I – Réformer l'administration du royaume

bochiens dénonce divers abus (A) et la réformation proposée s'inscrit dans le cadre de la pratique médiévale du gouvernement par conseil (B).
  • A – Dénoncer les abus
    • Dans le domaine de la justice et des finances (l. 11-12-13).
    • La formulation d'une critique en particulier de l'augmentation des agents royaux (l. 21) en lien avec l'accroissement des besoins de l'Etat et le développement de l'impôt (« Aides » l. 23) depuis le XIVème siècle pour les besoins de la guerre et la nécessité de la défense du royaume (revenus du domaine, ressources des impôts directs et indirects...).
    • Une critique du coût de cette augmentation du nombre d'officiers (l. 24-25).
    • Des requêtes formulées auprès du roi (l. 10) : Etats généraux, ville de Paris (Université).
  • B – Gouverner par conseil
    • Qui consulte ? Initiative royale (l. 2) à mettre en lien avec le contexte du printemps 1413.
    • Qui est consulté ? (l. 3-4, l. 15-18) : les états, Grand Conseil mais aussi notamment l'Université de Paris.
    • Pour connaître des difficultés que traverse le royaume (l. 5-6, l. 8-9).
    • Pour apporter des solutions (l. 7-8, l. 10-11) et une prise de décision royale éclairée (l. 19) : principe du gouvernement par conseil.
    • Avec pour objectif la réformation en lien avec la « chose publique » (l. 12, l. 14-15).

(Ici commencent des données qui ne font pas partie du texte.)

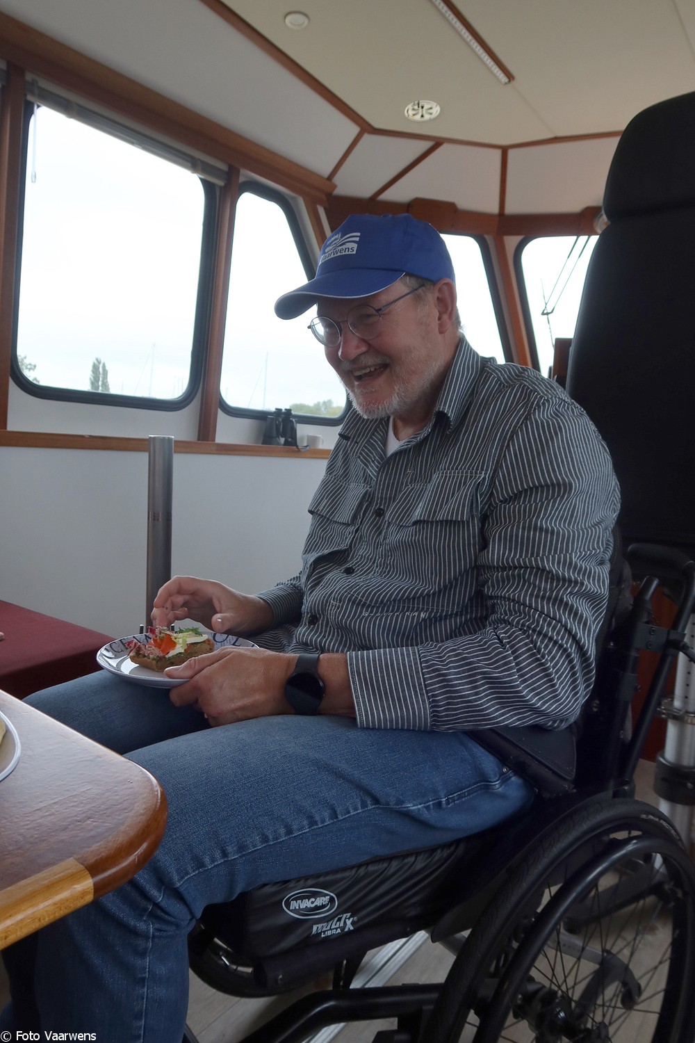 Tijdens de lunch vertelde Henk hoe zijn ziekteverloop is gegaan. In 2011 begonnen de eerste verschijnselen. De diagnose was PLS. Henk was wielrenner en dat ging steeds moeilijker, maar hij deed mee met Tour du ALS, en in 2022 deed hij mee met Cityswim, waarbij hij nog op de Meander, het schip van Inge en Evert de oprichters van Stichting Vaarwens, is geweest. Henk hoopt in 2027 nog een keer mee te kunnen doen met de Cityswim.

II – Elire les officiers royaux

L'ordonnance de réformation de 1413 propose une meilleure administration du royaume par le recours à un mode de désignation des officiers royaux. Elle propose de les choisir par voie d'élection (A) et elle prévoit l'organisation de leur désignation (B).
  • A – Choisir la désignation par voie d'élection
    • Le recours à l'élection : sens médiéval (choisir) ; lutter contre l'arbitraire ; une pratique de l'élection depuis la fin du XIVème siècle ; Rex est supra electionem.
    • Quand ? : le remplacement d'officiers (l. 25-26) et la vacance de l'office (l. 34, l. 39, l. 46).
    • Comment ? : écarter l'impétration et retenir l'élection (l. 23-24 ; l. 28, l. 35, l. 43, l. 48).
    • A qui l'appliquer ? Officiers des finances (l. 26) ; du Parlement et de l'Hôtel-le-roi (l. 32-34) ; prévôt de Paris, office de judicature et local (prévôts, baillis et sénéchaux : l. 44-46).
  • B – Organiser la désignation par voie d'élection
    • Information (l. 37, l. 40-41).
    • Modalités : délibération permettant d'évaluer les qualités des candidats ou scrutin (l. 41-42) et garanties (l. 48).
    • Participants à l'élection : Chancelier, officiers du Parlement, Grand Conseil (l. 29-31, l. 34-35, l. 40-41, l. 49-50).
    • Qui choisir ? Qualités requises (l. 27-28, l. 35, l. 36, l. 39, l. 46-47).
    • Des qualités pour une bonne administration (l. 29 « bien public », l. 52-53) et remplir les missions confiées par le roi (l. 51-53).